** What the exercise asks **
Write out, word for word, every line in the data below from the one containing "HM童装儿童女童套装2件式春季柔软短袖T恤直筒半身裙1263632" to the one containing "Detroit Lions, Football", both of them included.

** The data **
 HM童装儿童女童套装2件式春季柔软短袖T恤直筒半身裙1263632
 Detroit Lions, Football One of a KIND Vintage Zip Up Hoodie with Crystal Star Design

...

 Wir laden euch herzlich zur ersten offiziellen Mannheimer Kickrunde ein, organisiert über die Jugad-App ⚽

** Result for this exercise **
 HM童装儿童女童套装2件式春季柔软短袖T恤直筒半身裙1263632
 Detroit Lions, Football One of a KIND Vintage Zip Up Hoodie with Crystal Star Design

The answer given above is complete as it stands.